▸ PROBLEM STATEMENT:
Could you write out every record below exactly, leaving the pictures out?
---------- DATA TO EXAMINE
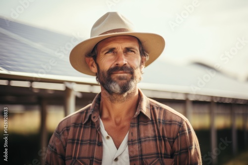 portrait of a middle aged man engineer standing in front of solar panels on farm
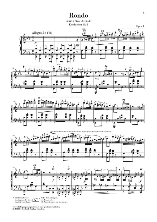 Chopin's early works include a wealth of new stimuli for anyone wishing to take a closer look at the creative works of the Polish genius. Up to now the four Rondos have been missing from our catalogue; but now they are finally available in Henle Urtext. Although they have been unfairly neglected, there are real discoveries to be made. It is hard to imagine that Chopin was only 15 when his Opus 1, the Rondo in cminor, was first published. Likewise, his Rondo op. 5, which incorporates the exotic sounds of Polish folk music, and the brilliant work in C major op. 73were also written during his time in Warsaw. Without a doubt the young composer, who was the darling of the Warsaw salons, wrote these works as showpieces for himself. Here, and also with the Rondo op. 16, his mark is unmistakable. Our Urtext edition is also available as an affordable study score.
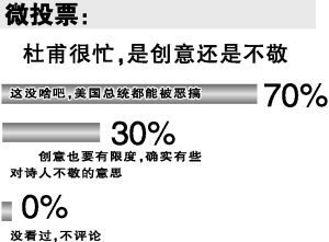 成都杜甫草堂博物馆在官方微博转发“杜甫很忙”时,附一首韩愈的《调张籍》的诗来表达对网友的不满。记者了解到,其实“繁忙地”不仅仅是杜甫一个人,李白、辛弃疾及一些外国名人画像都曾被学生拿来涂改,还有网友上传了“李白不服气了”等系列图片。本报微博昨日发起了“杜甫很忙,是创意还是不敬”的投票。有三成网友认为,创意也要有限度,不能对名人不敬。
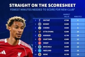 - 2025-10-08今夏新援最快攻入首球排名:埃基蒂克4分钟居首,博尼5分钟次席
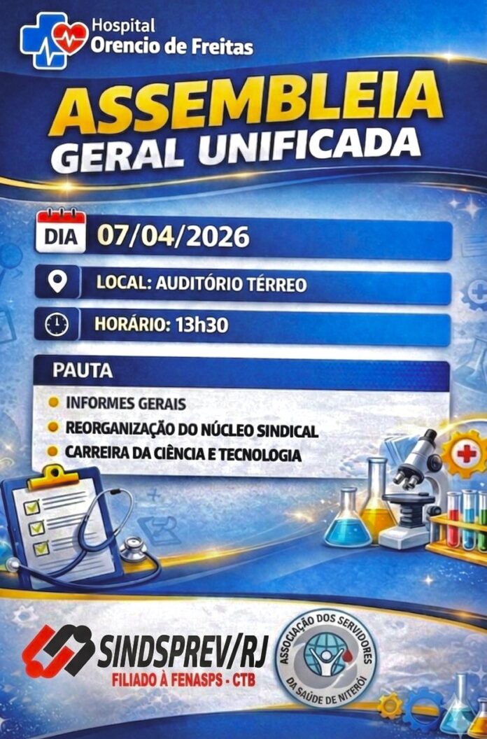 Os servidores da saúde do Hospital Orencio de Freitas, em Niterói, têm assembleia geral unificada no dia 7 de abril, terça-feira, às 13h30. O encontro acontece no auditório térreo. A assembleia é uma convocação do Sindsprev/RJ em conjunto com a Associação dos Servidores da Saúde de Niterói.
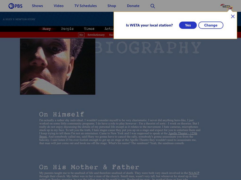 This page contains a biography of Huey Newton, founder of the Black Panthers. The biography includes these sections: on himself, on his mothe and father, on being a criminal, on his name, on his principles.
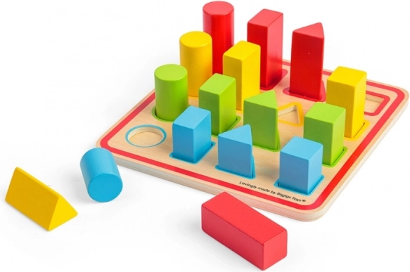 Ova drvena umetajuća slagalica idealna je didaktička igračka za najmlađe. Djeca razvrstavaju i umeću oblike u odgovarajuće otvore, čime prirodno vježbaju prostornu predodžbu, strpljenje i koordinaciju pokreta. Glatki drveni dijelovi lako se drže i potiču na ponavljanu igru.
--------------------
▸ RESULT:
 portrait of a middle aged man engineer standing in front of solar panels on farm
 Chopin's early works include a wealth of new stimuli for anyone wishing to take a closer look at the creative works of the Polish genius. Up to now the four Rondos have been missing from our catalogue; but now they are finally available in Henle Urtext. Although they have been unfairly neglected, there are real discoveries to be made. It is hard to imagine that Chopin was only 15 when his Opus 1, the Rondo in cminor, was first published. Likewise, his Rondo op. 5, which incorporates the exotic sounds of Polish folk music, and the brilliant work in C major op. 73were also written during his time in Warsaw. Without a doubt the young composer, who was the darling of the Warsaw salons, wrote these works as showpieces for himself. Here, and also with the Rondo op. 16, his mark is unmistakable. Our Urtext edition is also available as an affordable study score.
 成都杜甫草堂博物馆在官方微博转发“杜甫很忙”时,附一首韩愈的《调张籍》的诗来表达对网友的不满。记者了解到,其实“繁忙地”不仅仅是杜甫一个人,李白、辛弃疾及一些外国名人画像都曾被学生拿来涂改,还有网友上传了“李白不服气了”等系列图片。本报微博昨日发起了“杜甫很忙,是创意还是不敬”的投票。有三成网友认为,创意也要有限度,不能对名人不敬。
 - 2025-10-08今夏新援最快攻入首球排名:埃基蒂克4分钟居首,博尼5分钟次席
 Os servidores da saúde do Hospital Orencio de Freitas, em Niterói, têm assembleia geral unificada no dia 7 de abril, terça-feira, às 13h30. O encontro acontece no auditório térreo. A assembleia é uma convocação do Sindsprev/RJ em conjunto com a Associação dos Servidores da Saúde de Niterói.
 This page contains a biography of Huey Newton, founder of the Black Panthers. The biography includes these sections: on himself, on his mothe and father, on being a criminal, on his name, on his principles.
 Ova drvena umetajuća slagalica idealna je didaktička igračka za najmlađe. Djeca razvrstavaju i umeću oblike u odgovarajuće otvore, čime prirodno vježbaju prostornu predodžbu, strpljenje i koordinaciju pokreta. Glatki drveni dijelovi lako se drže i potiču na ponavljanu igru.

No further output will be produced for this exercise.